Friday, April 10, 2009

Cheating and Carb Cravings

I had a full-sugar (aka non-Diet) energy drink on Tuesday morning, and by lunch my blood sugar had crashed. I was starving. It was much easier to see the effect that carbs have on me once I had them mostly removed from my diet. 52g of sugar is now more than I eat all day, so having it in one big shot in the morning was noticeable.

But after lunch (two burger patties, cheese, pickles, grilled onions), those cravings were gone. I haven't had another one since.

I think that I have been chugging energy drinks two years now. I thought of them as an afternoon pick-me-up, something to consume when I felt really drowsy in the afternoon. Now, tho, I look back and see it also as carb cravings. I needed carbs two hours after lunch, and caffeine was an excuse to get those carbs. I felt better after drinking them; heck, while drinking them. They worked.
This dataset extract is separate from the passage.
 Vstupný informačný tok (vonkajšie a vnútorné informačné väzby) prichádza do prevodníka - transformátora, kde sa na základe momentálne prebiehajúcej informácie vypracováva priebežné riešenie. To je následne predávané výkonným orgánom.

I thought it was the caffeine but now I see that it was the carbs.

But on Tuesday... it didn't taste good. I didn't really want to drink it; it felt more like habit than craving.

It was hard for me to get off carbs when I was cheating. Pasta here, an energy drink there, maybe a sandwhich for lunch. I threw away the bun with today's burger lunch and it wasn't even an issue. I didn't want it, I didn't feel like having it.

Cheating produces cheating. I've seen a good number of people report that they started into paleo foodways by doing Atkins, and the Atkins induction is a good way to do it: it's one of those harsh 2-week diets where you hate life the whole time because you're body is adapting. I think it's the best way to get over that hump.

I had a hard time stopping my cheating because every time I cheated produced incentive to cheat again. Then a couple days would pass, I'd read a new blog post, and think, "omg, this stuff is evil. I shouldn't be consuming fructose. I don't want liver disease!" And then I'd be good for a couple days -- til I had pasta with lunch, and then I wanted my energy drink again...

I'm not completely over the hump. I guess it's like any addiction; you don't really get cured. You just put the symptoms into remission, the cravings into slumber, and go one day at a time.